Need to separate the analysis between series and movies  
Need to test the mean score and compare to two groups  
Compare mean and calculate variance  
Run t-test or Wilcoxon test as appropriate

Run to see if there is concensus group of reviewers that review most similarly.

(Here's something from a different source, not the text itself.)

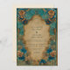 An opulent Islamic wedding design featuring a teal and gold arched frame inspired by mosque architecture and Persian artistry. With intricate floral motifs and geometric symmetry, this invitation exudes elegance, spirituality, and timeless cultural refinement — ideal for a luxurious Islamic wedding.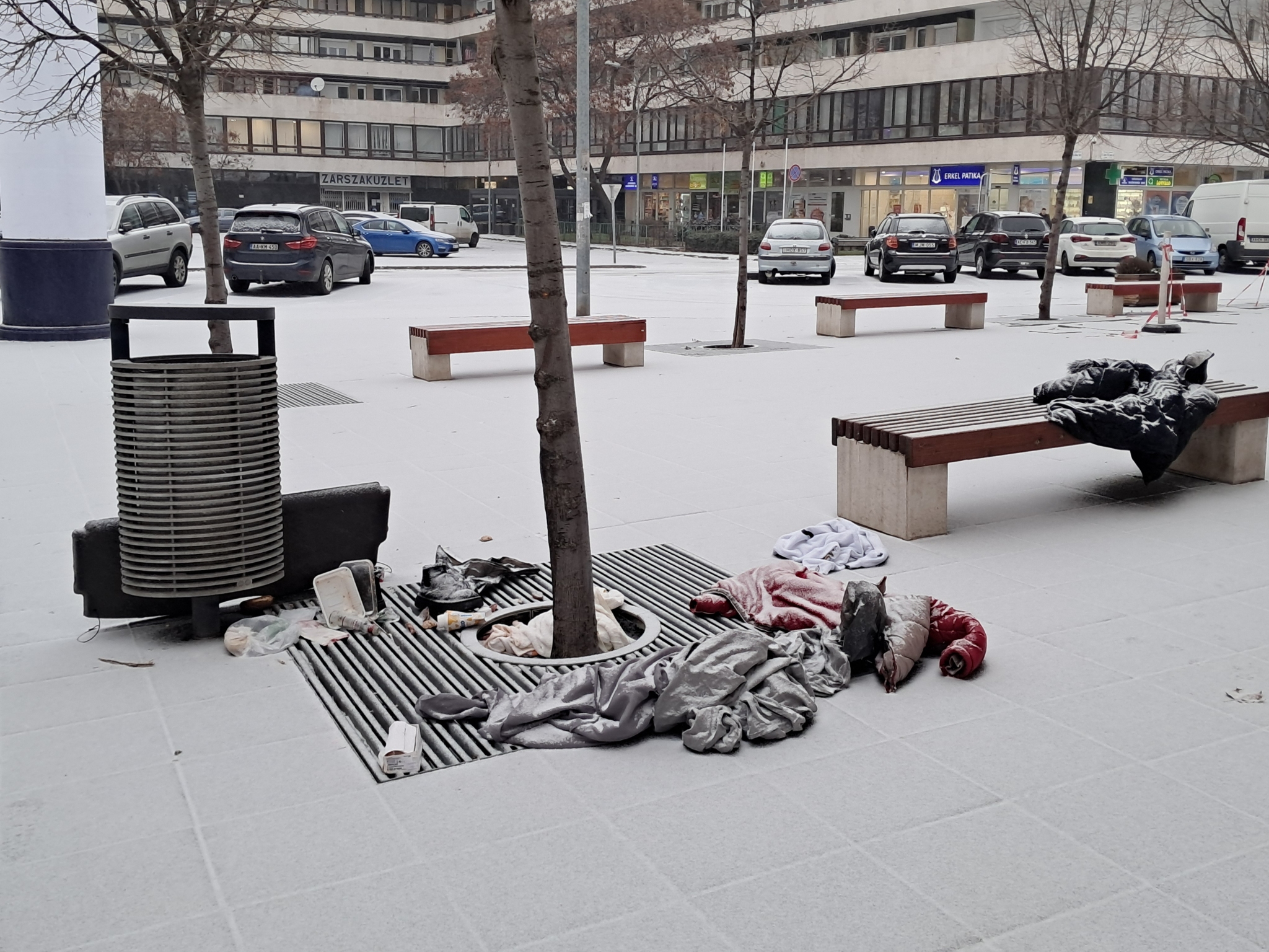 A napokban aludtak is benne (régebben is) és ma reggelre a szomszédos kuka és melléke tele lett pakolva szeméttel, ami valószínűleg az autóból származik. (lsd kalaptartó)

## Environment Setup and Dependencies

In [None]:
# Dependencies
import os

# set spark version
spark_version = 'spark-3.0.3'
os.environ['SPARK_VERSION']=spark_version

# Install Spark and Java
!apt-get update
!apt-get install openjdk-11-jdk-headless -qq > /dev/null
!wget -q http://www.apache.org/dist/spark/$SPARK_VERSION/$SPARK_VERSION-bin-hadoop2.7.tgz
!tar xf $SPARK_VERSION-bin-hadoop2.7.tgz
!pip install -q findspark


# Set Environment Variables
os.environ["JAVA_HOME"] = "/usr/lib/jvm/java-11-openjdk-amd64"
os.environ["SPARK_HOME"] = f"/content/{spark_version}-bin-hadoop2.7"

# Start a SparkSession
import findspark
findspark.init()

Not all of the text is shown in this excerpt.